SteerX seamlessly integrates video generative models and scene reconstruction models, enabling any 3D/4D scene generation without camera conditions.
Recent progress in 3D/4D scene generation emphasizes the importance of physical alignment throughout video generation and scene reconstruction. However, existing methods improve the alignment separately at each stage, making it difficult to manage subtle misalignments arising from another stage. Here, we present SteerX, a zero-shot inference-time steering method that unifies scene reconstruction into the generation process, tilting data distributions toward better geometric alignment. To this end, we introduce two geometric reward functions for 3D/4D scene generation by using pose-free feed-forward scene reconstruction models.
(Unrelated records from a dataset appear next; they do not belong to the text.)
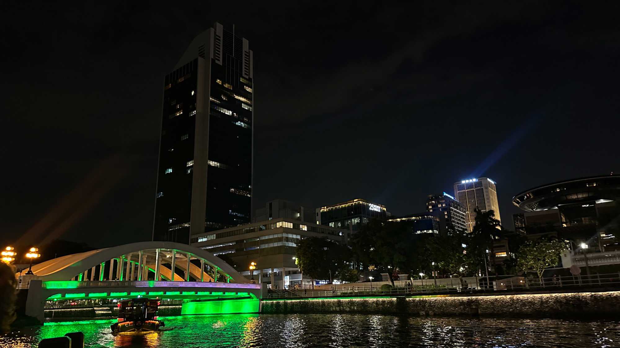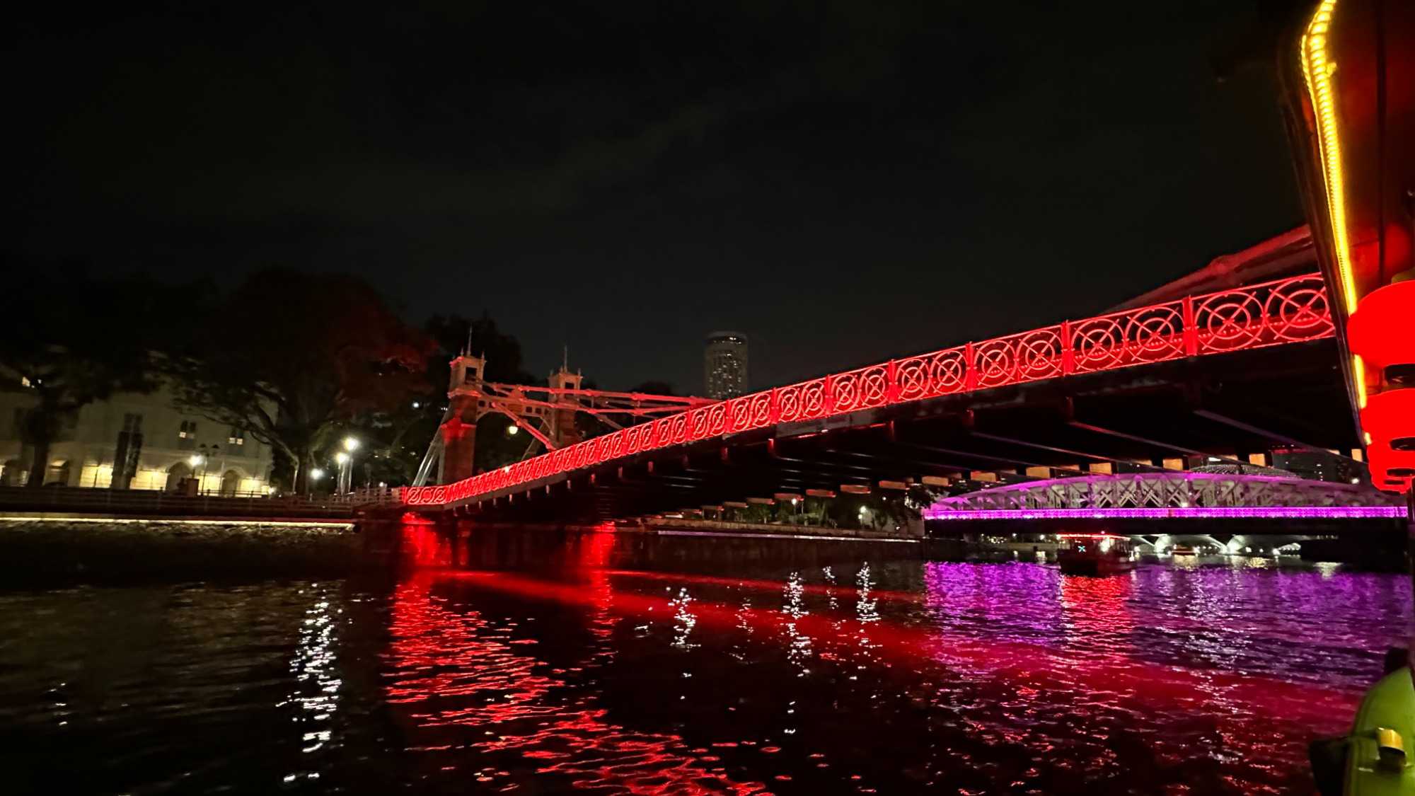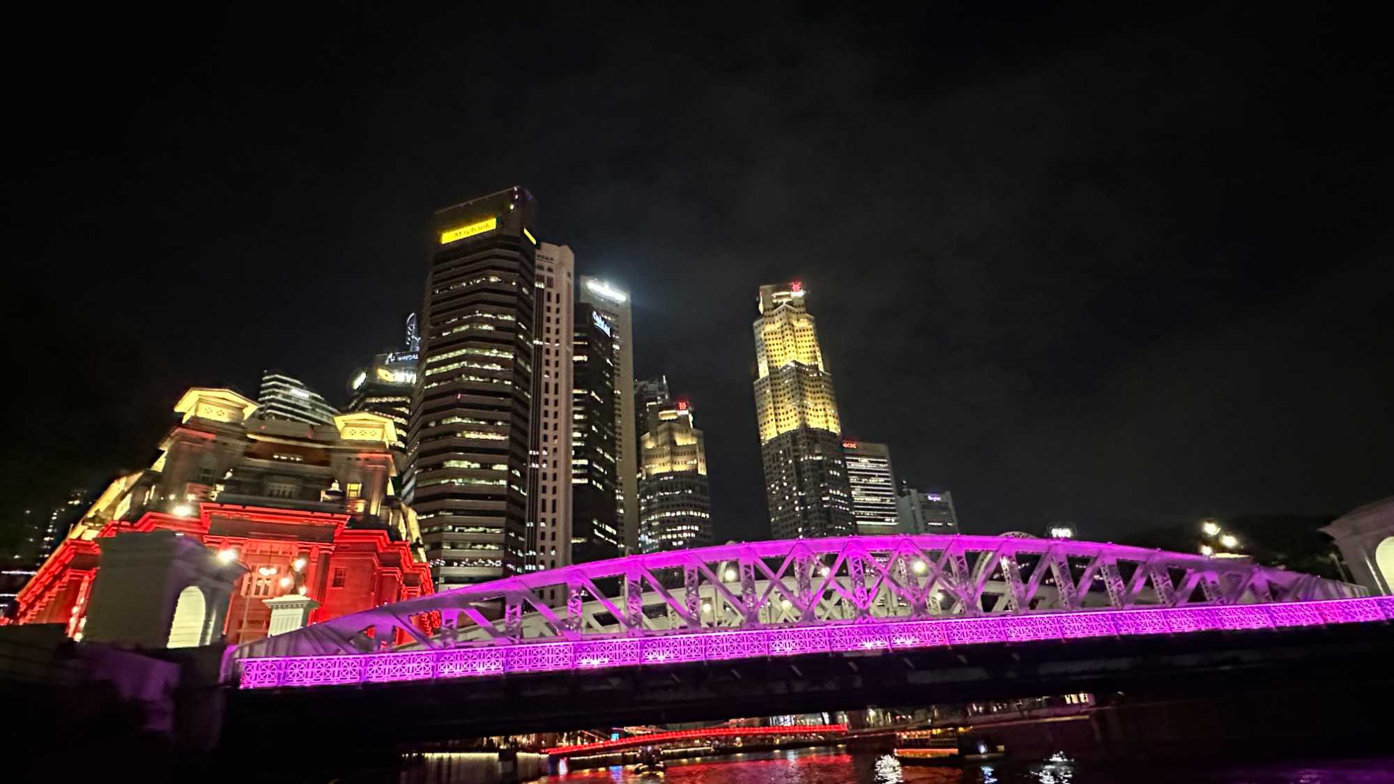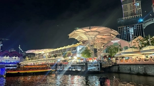Après le souper fort animé, bien que fatigués du vol, nous avions très hâte de découvrir les lumières de la ville en voguant doucement à bord d’un bumboat traditionnel le long de la rivière Singapour. Dès que nous embarquons, la magie opère : la ville scintille tout autour de nous et la vue est à couper le souffle. La rivière, miroir noir et lisse, reflète les milliers de lumières des bâtiments qui se dressent majestueusement sur ses rives. Les grattes-ciels du quartier financier, l’opéra, les ponts illuminés, le chic Fullton hôtel, le Merlion et que dire du Marina Bay hôtel, bref, Singapour est sublimée.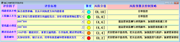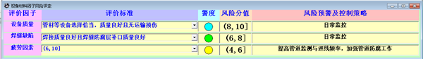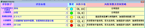 根據評價(jià)因子中所羅列的因素,在對應評價(jià)標準下拉菜單中選擇符合實(shí)際現場(chǎng)管道情況后,軟件自行判斷其對應的警度、風(fēng)險分值、風(fēng)險預警及控制策略,各評價(jià)因子的風(fēng)險評定結果如圖8—11所示。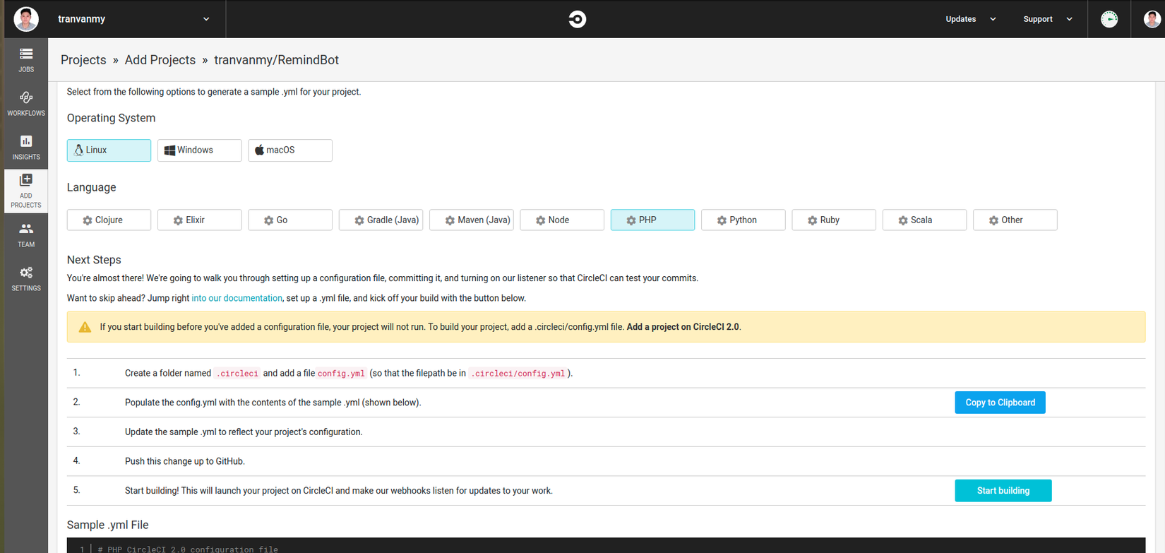 Nhưng đến với CircelCI thì mọi người build thoải mái nhé, chức năng và giao diện theo mình đánh giá còn sịn sò hơn SunCI nữa. Ok lan man thế thôi chúng ta bắt đầu thôi.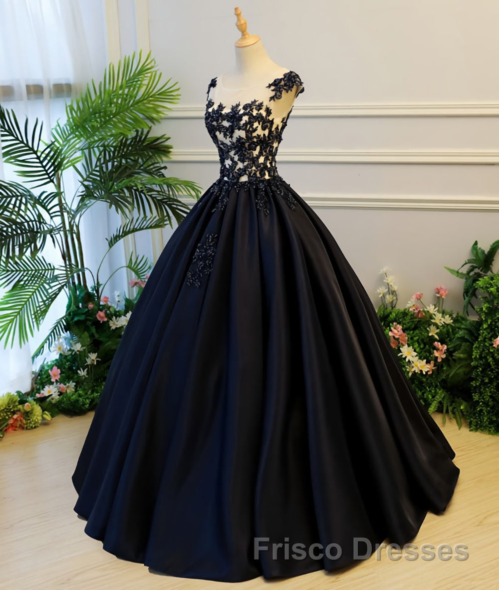 Black round neck satin long Formal Prom gown, black evening Dresses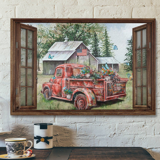 Old Red Truck On Peaceful Farm Canvas Wall Art - Ciaocustom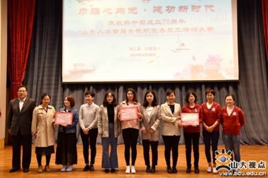 4月18日下午,在由校工会、妇委会主办的“巾帼心向党,建功新时代” 庆祝新中国成立70周年申博sunbet女教职医务员工诗词竞赛活动中,申博sunbet代表队获得了一等奖的佳绩。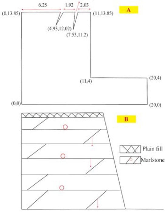 Schematic diagram of the slope model. (A) Plan and (B) section.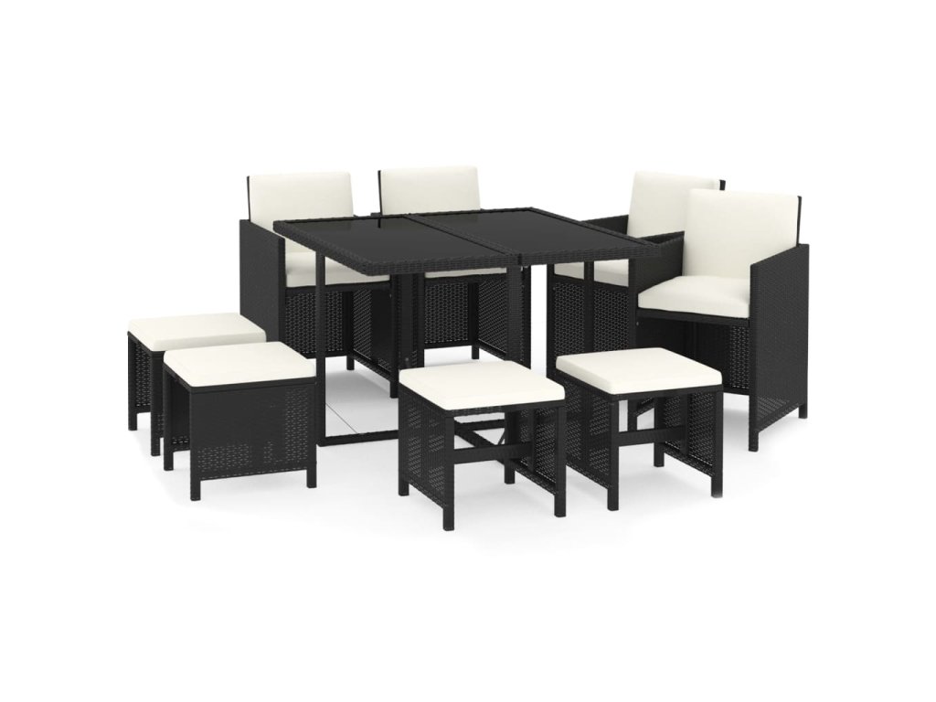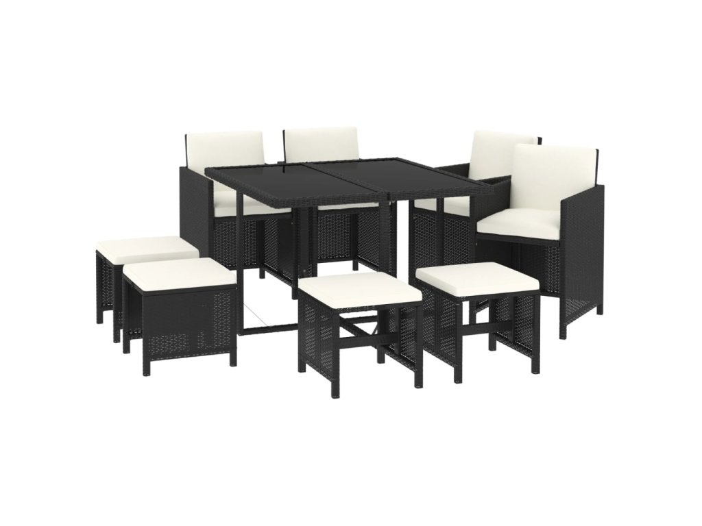 Tento venkovní jídelní set, vyrobený z PE ratanu odolného vůči vodě a povětrnostním vlivům se snadno čistí, je odolný a vhodný pro každodenní použití. Ocelový rám s práškovým nástřikem zajišťuje odolnost stolu, židlí a stoliček. Skleněná stolní deska je ideální pro podávání nápojů a jídla nebo vystavení různých dekorativních předmětů. Silné, měkké, pěnou polstrované podušky na sedák a opěradlo zvyšují komfort při sezení. A co víc, opěradlo se dá sklopit a uložit židle pod stůl, čímž ušetříte místo, když se nábytek nepoužívá. Vzhledem k lehké konstrukci se všechny části setu snadno přemisťují.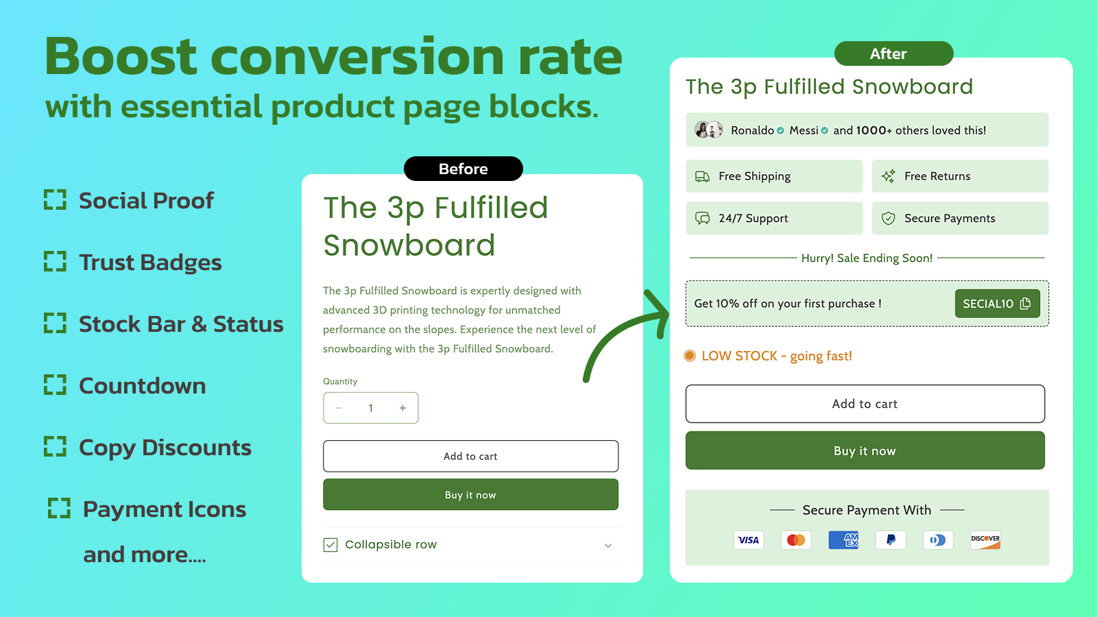 Enhance your conversion rate with a variety of essential blocks for your product page.

Through extensive experiments, we demonstrate the effectiveness of SteerX in improving 3D/4D scene generation.
Our reward functions assess the geometric consistency of intermediate generated video frames by computing the feature similarity of upscaled DINO features. (a) GS-MEt3R evaluates feature similarity between the original video frames and their corresponding rendered images from 3DGS. (b) Dyn-MEt3R unprojects background features from half of the video frames and reprojecting them onto the remaining frames to compute feature similarity.
Our geometric steering builds on Feymann-Kac Steering which resamples particles to guide the data distribution toward high reward samples. By incorporating geometric rewards, we iteratively tilt the data distribution to generate geometrically aligned samples using any video generative model.